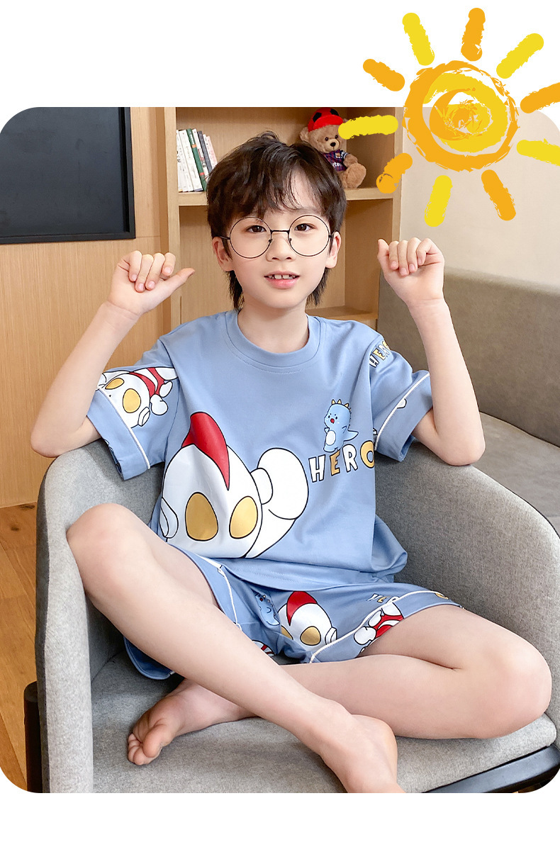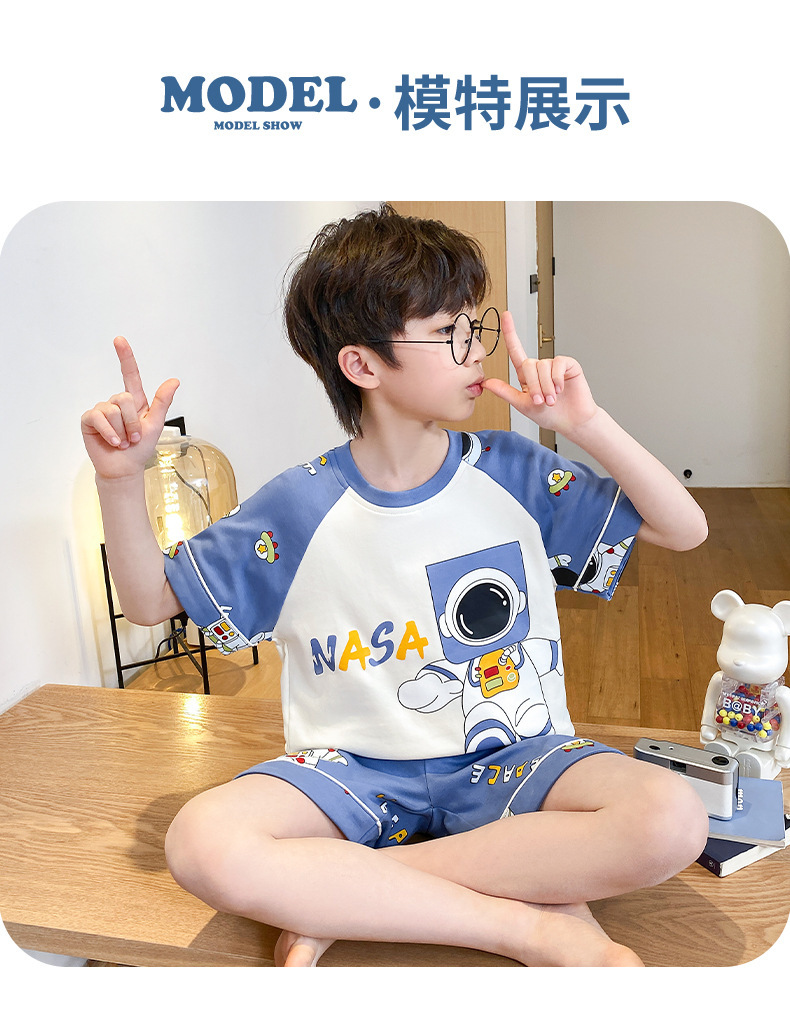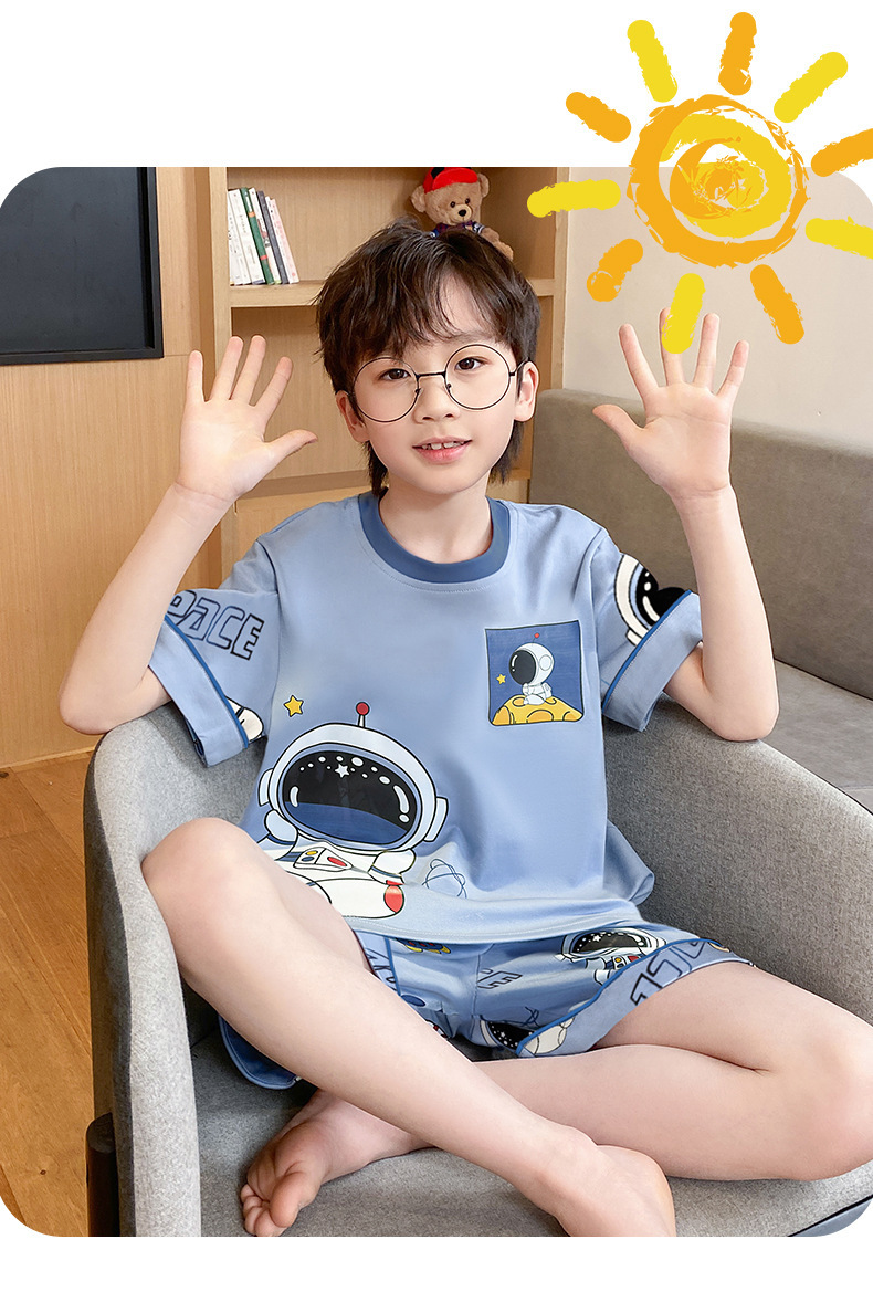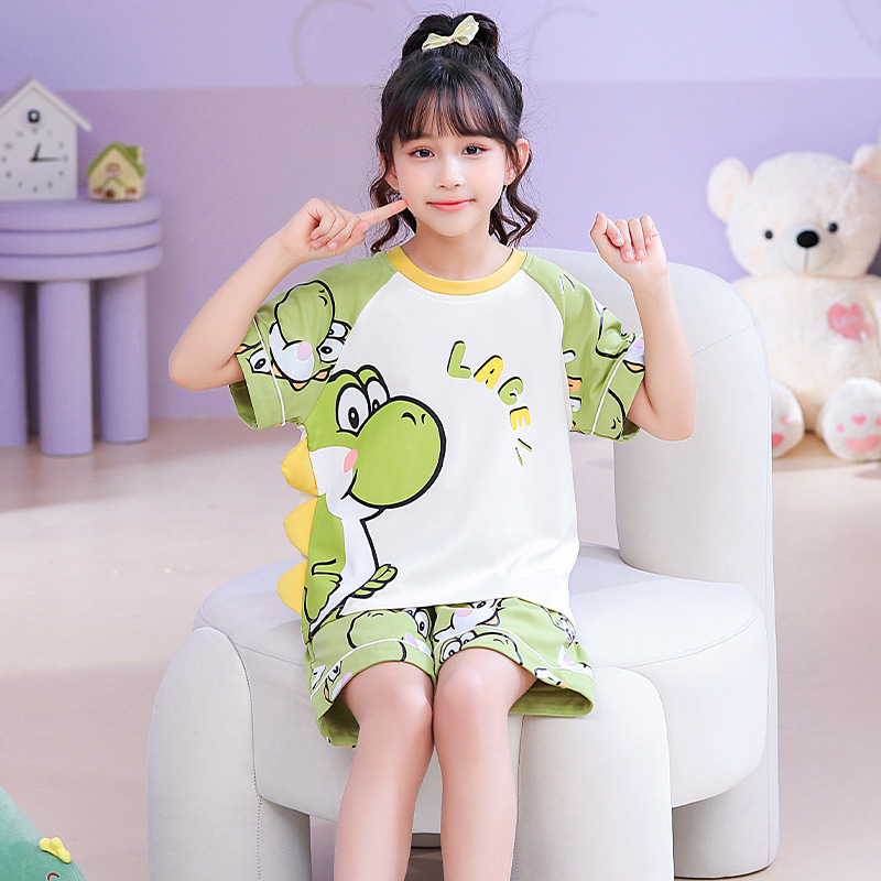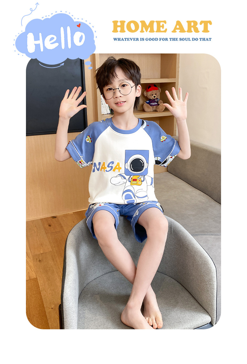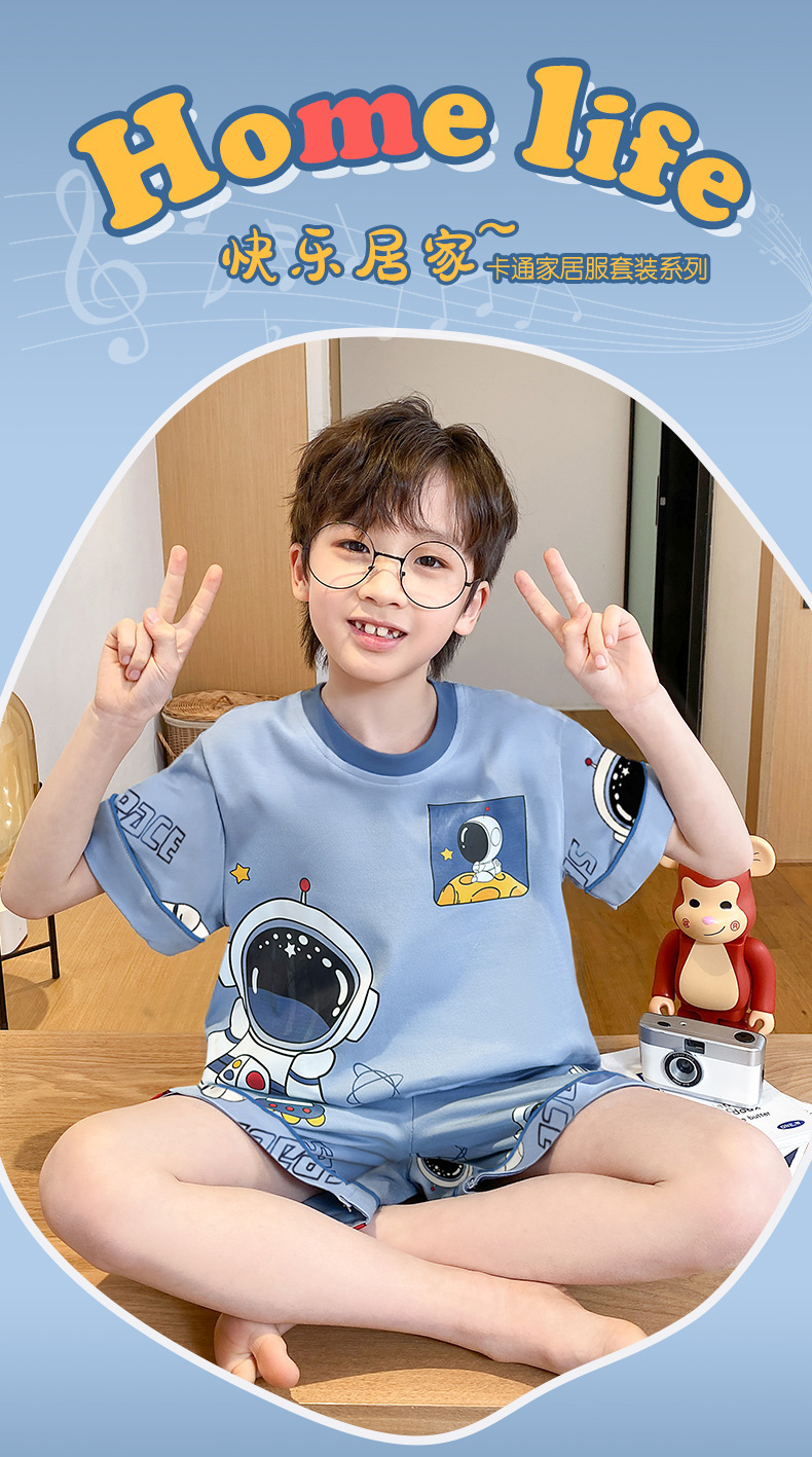 어린이 잠옷 여름 얇은 면화 반팔 중대형 어린이 소녀 여름 어린 소년 청소년 가정 의류 세트스토어 가기
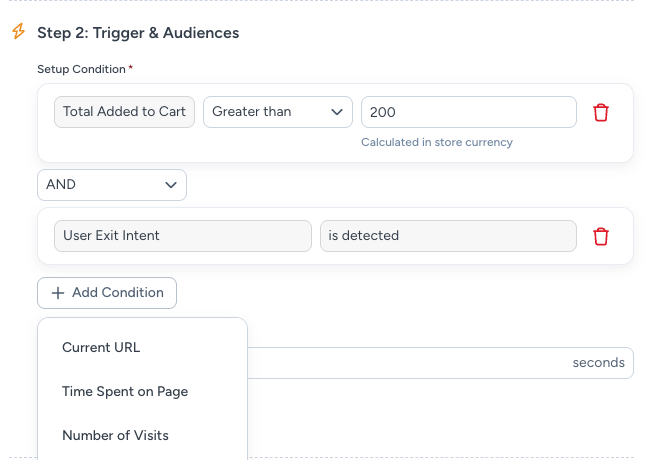 | Exit Intent | Fire when the customer shows signs of leaving | — |
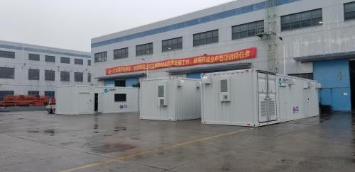 該工程為廣東粵電大埔發(fā)電有限公司1、2號發(fā)電機組的配套工程,旨在聯(lián)合發(fā)電機組開展電網(wǎng)AGC調(diào)頻業(yè)務(wù),聯(lián)合調(diào)頻時儲能輔助調(diào)頻裝置最大出力可按儲能選型功率輸出。項目由上海電氣100%投資建設(shè),公司中標后負責18MW/9MWh儲能調(diào)頻的全部主設(shè)備集成與成套,包含8臺電池集裝箱,8臺箱變,3臺中低壓配電預制倉等設(shè)備,該項目在公司所屬的上海環(huán)保公司車間進行裝配與集成。
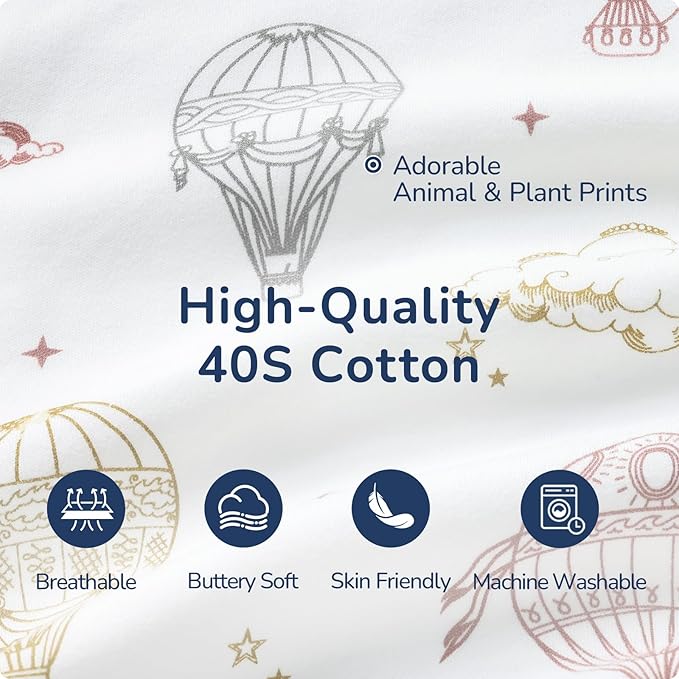 Baby Sleep Sack 12-18 Months, Cotton Detachable Long Sleeve Sleep Sack, 1.0 Tog Toddler Sleeping Sack with Temperature Strips, 2-Way Zipper Wearable Blankets for Newborns, Hot Air Balloon
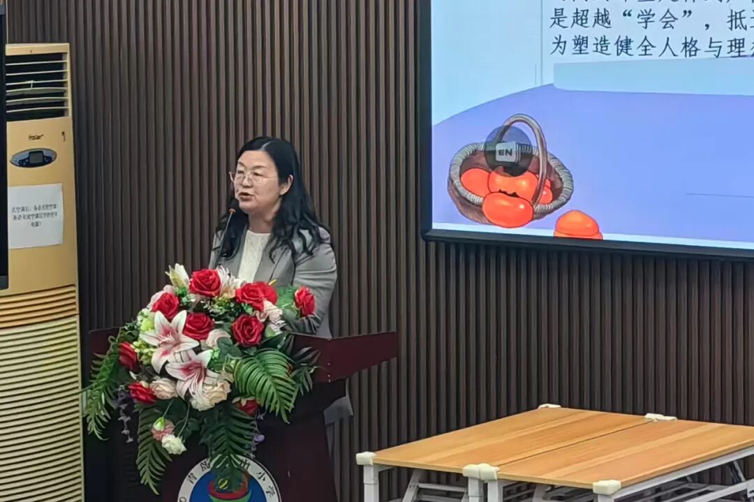 讲座分享环节,青岛天山小学校长王冬梅以《“柿柿如意”跨学科主题学习课程的开发与实践》为题,系统阐述了学校以项目式学习为路径,从思考原点、课程生成、实施路径到支撑体系、未来展望的完整探索历程。课程以“山东柿子藏着哪些家乡物产的自然、应用与文化密码”为核心,引导学生与中华优秀传统文化深度对话,与脚下的土地深刻联结,最终内化“民族魂”、扎牢“中国根”、彰显“和+六质”,成长为担当民族复兴大任的时代新人。
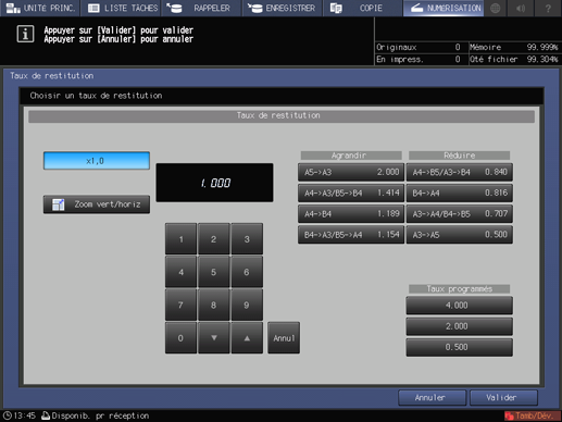 Sélectionnez le taux de restitution qui convient dans les valeurs enregistrées dans Utilitaire/Compteur - Config. utilisateur - Configuration système - Taux de restitution.
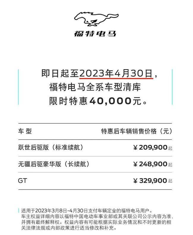 消息人士称,在惨痛的现实面前,福特采取了断然措施。3月8日第二次宣布大降价时,福特电马打出了“全车系清库”口号。在那个时间点之前,裁撤团队的决定已经做出。
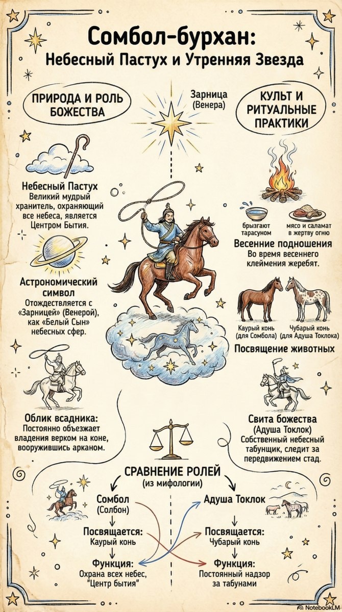 Сомбол-бурхан (Солбон) — великий мудрый хранитель, охраняющий все небеса. В мифологии он считается «Центром Бытия» и астрономически отождествляется с «Зарницей» (планетой Венера), выступая как «Белый Сын» небесных сфер. Его представляют в облике всадника, который постоянно объезжает свои владения верхом на коне, вооружившись арканом. Культ и ритуалы: Ему посвящается каурый конь. Весенние подношения Сомбол-бурхану совершаются во время клеймения жеребят: в жертву огню приносят мясо и саламат, брызгают тарасуном. В свите божества находится Адуша Токлок — собственный небесный табунщик, который следит за передвижением стад. Ему посвящается чубарый конь. Если Сомбол отвечает за общую охрану небес, то Адуша Токлок осуществляет постоянный надзор за табунами на земле. Канал нашей студии https://t.me/chimitdorzhi_studio
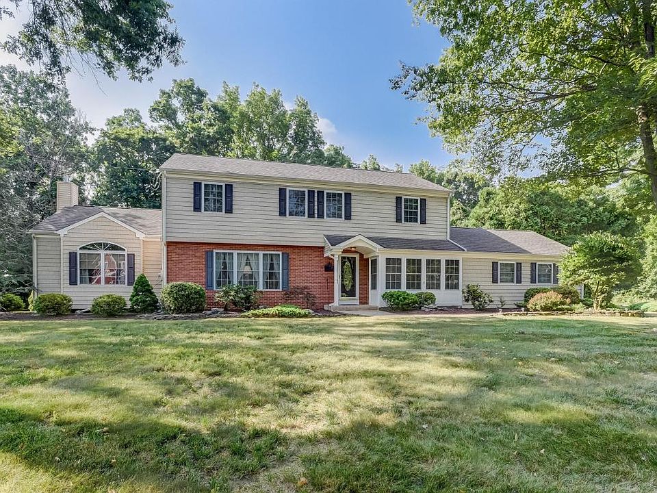 This lovely Center Hall Colonial has been Expanded, Updated and Renovated! Kitchen and the Breakfast area has been expanded with a celestial window, Granite Center Island and extra counter space along the wall. Double door leads into the Living Room. The Dining Room is also expanded with a Wall of Windows, Columns and Coffered Ceiling. Family Room is expanded from front to back with High Ceiling, Gas Fireplace and Sunburst Windows. Upstairs has hardwood floor under Carpet. A Recreation Room has everything you need for entertaining including a beautiful Built in Wet Bar that opens out onto the enclosed porch. 18x26 Deck with Tiki Bar. An extra wide driveway is lined with Belgian Block. Well water for irrigation.
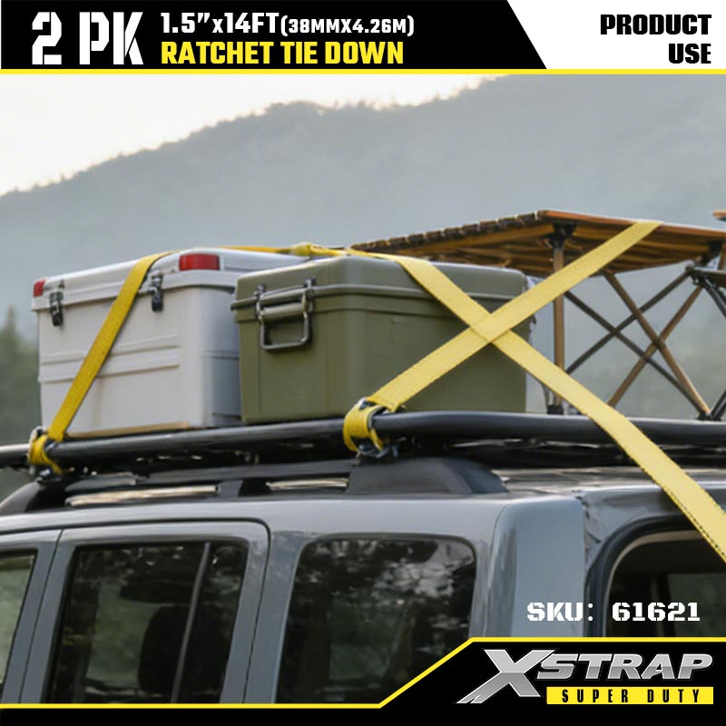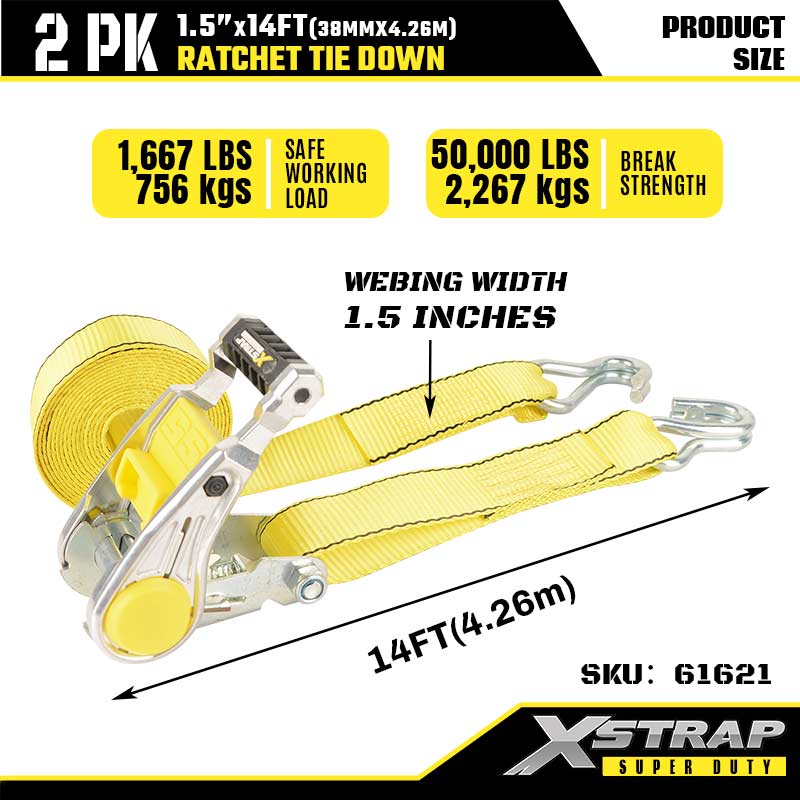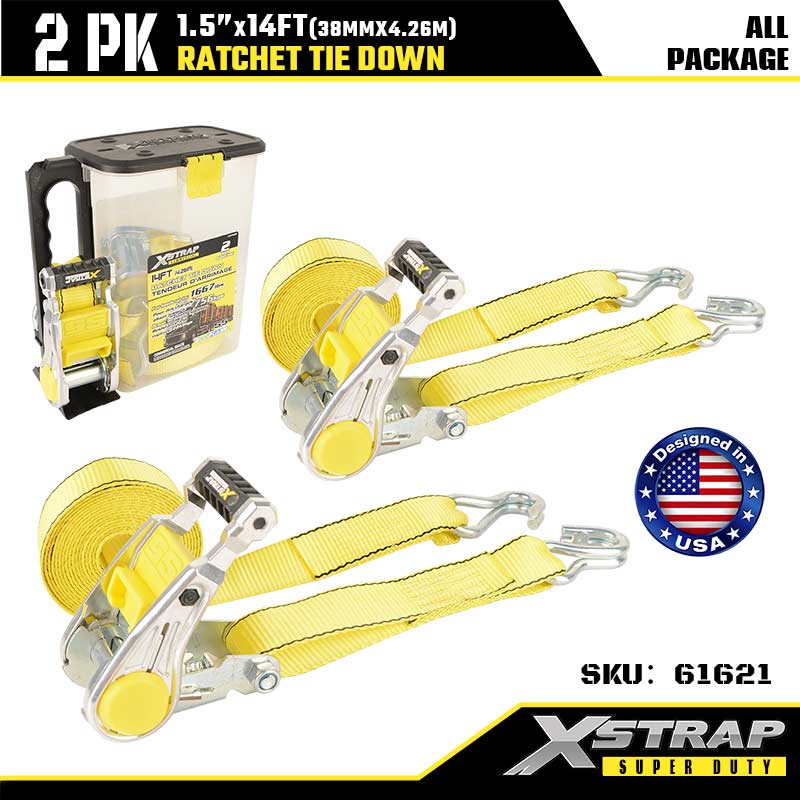 Xstrap 2PK Ratcet lekötő dupla J horgokkal, 1-1/2” x 14”-es poliészter rögzítőszíj racsnis heveder, 1667 font teherbírású teherrögzítő rögzítő hevederek dupla J horgokkal nagy teherbírású utánfutóhoz, síkágyas utánfutóhoz, síkágyas utánfutóhoz.

Work required:
Omit the pictures and output all of the other material exactly.

Answer to this problem:
 어린이 잠옷 여름 얇은 면화 반팔 중대형 어린이 소녀 여름 어린 소년 청소년 가정 의류 세트스토어 가기
 | Exit Intent | Fire when the customer shows signs of leaving | — |
 該工程為廣東粵電大埔發(fā)電有限公司1、2號發(fā)電機組的配套工程,旨在聯(lián)合發(fā)電機組開展電網(wǎng)AGC調(diào)頻業(yè)務(wù),聯(lián)合調(diào)頻時儲能輔助調(diào)頻裝置最大出力可按儲能選型功率輸出。項目由上海電氣100%投資建設(shè),公司中標后負責18MW/9MWh儲能調(diào)頻的全部主設(shè)備集成與成套,包含8臺電池集裝箱,8臺箱變,3臺中低壓配電預制倉等設(shè)備,該項目在公司所屬的上海環(huán)保公司車間進行裝配與集成。
 Baby Sleep Sack 12-18 Months, Cotton Detachable Long Sleeve Sleep Sack, 1.0 Tog Toddler Sleeping Sack with Temperature Strips, 2-Way Zipper Wearable Blankets for Newborns, Hot Air Balloon
 讲座分享环节,青岛天山小学校长王冬梅以《“柿柿如意”跨学科主题学习课程的开发与实践》为题,系统阐述了学校以项目式学习为路径,从思考原点、课程生成、实施路径到支撑体系、未来展望的完整探索历程。课程以“山东柿子藏着哪些家乡物产的自然、应用与文化密码”为核心,引导学生与中华优秀传统文化深度对话,与脚下的土地深刻联结,最终内化“民族魂”、扎牢“中国根”、彰显“和+六质”,成长为担当民族复兴大任的时代新人。
 Sélectionnez le taux de restitution qui convient dans les valeurs enregistrées dans Utilitaire/Compteur - Config. utilisateur - Configuration système - Taux de restitution.
 消息人士称,在惨痛的现实面前,福特采取了断然措施。3月8日第二次宣布大降价时,福特电马打出了“全车系清库”口号。在那个时间点之前,裁撤团队的决定已经做出。
 Сомбол-бурхан (Солбон) — великий мудрый хранитель, охраняющий все небеса. В мифологии он считается «Центром Бытия» и астрономически отождествляется с «Зарницей» (планетой Венера), выступая как «Белый Сын» небесных сфер. Его представляют в облике всадника, который постоянно объезжает свои владения верхом на коне, вооружившись арканом. Культ и ритуалы: Ему посвящается каурый конь. Весенние подношения Сомбол-бурхану совершаются во время клеймения жеребят: в жертву огню приносят мясо и саламат, брызгают тарасуном. В свите божества находится Адуша Токлок — собственный небесный табунщик, который следит за передвижением стад. Ему посвящается чубарый конь. Если Сомбол отвечает за общую охрану небес, то Адуша Токлок осуществляет постоянный надзор за табунами на земле. Канал нашей студии https://t.me/chimitdorzhi_studio
 This lovely Center Hall Colonial has been Expanded, Updated and Renovated! Kitchen and the Breakfast area has been expanded with a celestial window, Granite Center Island and extra counter space along the wall. Double door leads into the Living Room. The Dining Room is also expanded with a Wall of Windows, Columns and Coffered Ceiling. Family Room is expanded from front to back with High Ceiling, Gas Fireplace and Sunburst Windows. Upstairs has hardwood floor under Carpet. A Recreation Room has everything you need for entertaining including a beautiful Built in Wet Bar that opens out onto the enclosed porch. 18x26 Deck with Tiki Bar. An extra wide driveway is lined with Belgian Block. Well water for irrigation.
 Xstrap 2PK Ratcet lekötő dupla J horgokkal, 1-1/2” x 14”-es poliészter rögzítőszíj racsnis heveder, 1667 font teherbírású teherrögzítő rögzítő hevederek dupla J horgokkal nagy teherbírású utánfutóhoz, síkágyas utánfutóhoz, síkágyas utánfutóhoz.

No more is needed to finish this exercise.